◆ Aim of the exercise: The whole listing that follows, pictures excepted, should be printed again exactly as given.

◆ Recorded information:
[Start of section]

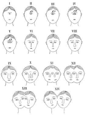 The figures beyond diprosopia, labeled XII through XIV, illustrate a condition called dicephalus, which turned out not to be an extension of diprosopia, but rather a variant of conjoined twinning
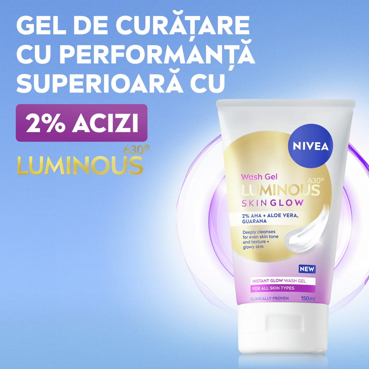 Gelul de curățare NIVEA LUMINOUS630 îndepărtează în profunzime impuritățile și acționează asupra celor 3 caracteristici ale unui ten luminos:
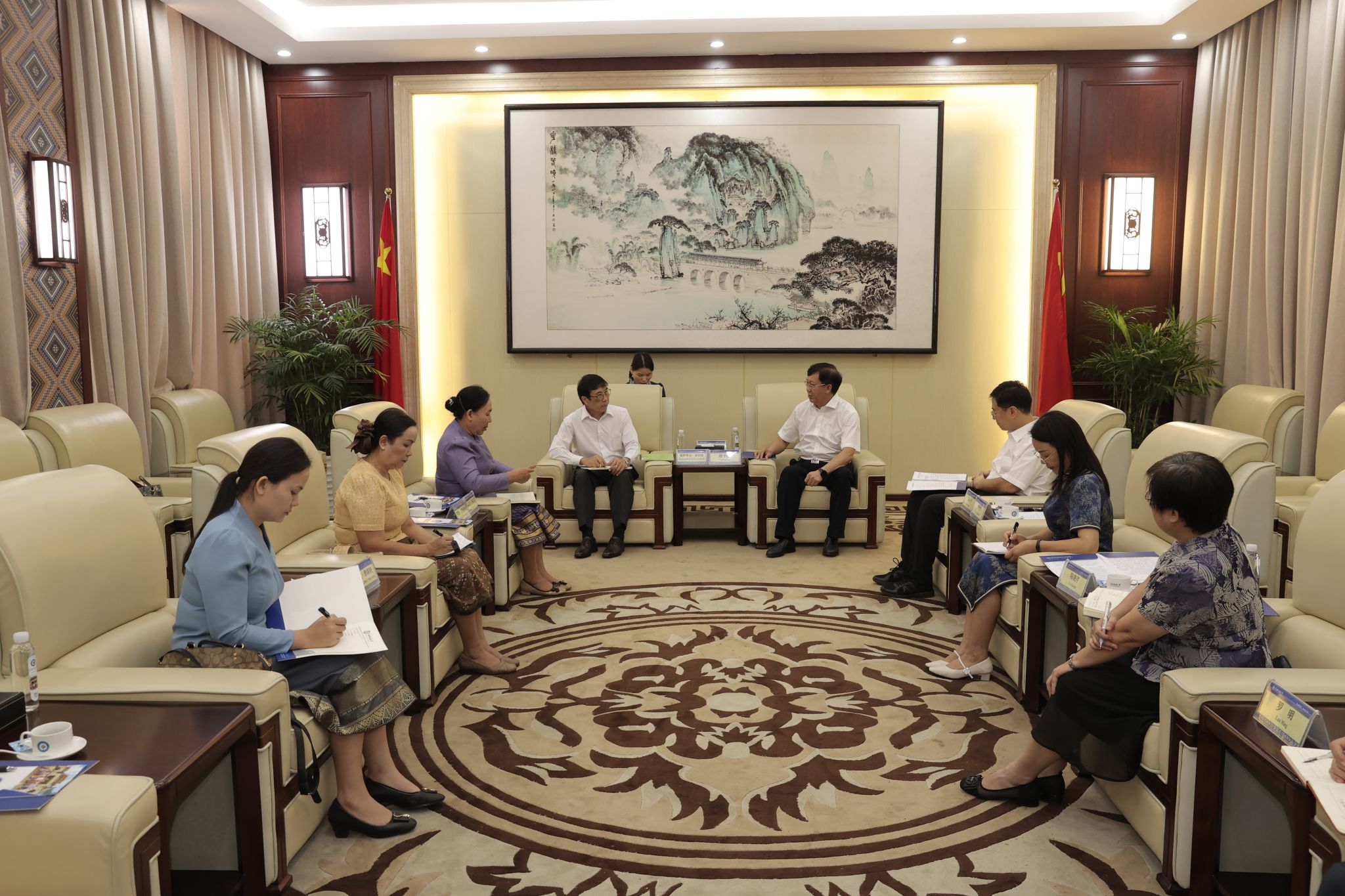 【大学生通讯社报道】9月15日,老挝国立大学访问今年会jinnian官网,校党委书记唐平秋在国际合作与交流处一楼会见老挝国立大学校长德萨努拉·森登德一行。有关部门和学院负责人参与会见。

[End of section]

◆ Your response:
 The figures beyond diprosopia, labeled XII through XIV, illustrate a condition called dicephalus, which turned out not to be an extension of diprosopia, but rather a variant of conjoined twinning
 Gelul de curățare NIVEA LUMINOUS630 îndepărtează în profunzime impuritățile și acționează asupra celor 3 caracteristici ale unui ten luminos:
 【大学生通讯社报道】9月15日,老挝国立大学访问今年会jinnian官网,校党委书记唐平秋在国际合作与交流处一楼会见老挝国立大学校长德萨努拉·森登德一行。有关部门和学院负责人参与会见。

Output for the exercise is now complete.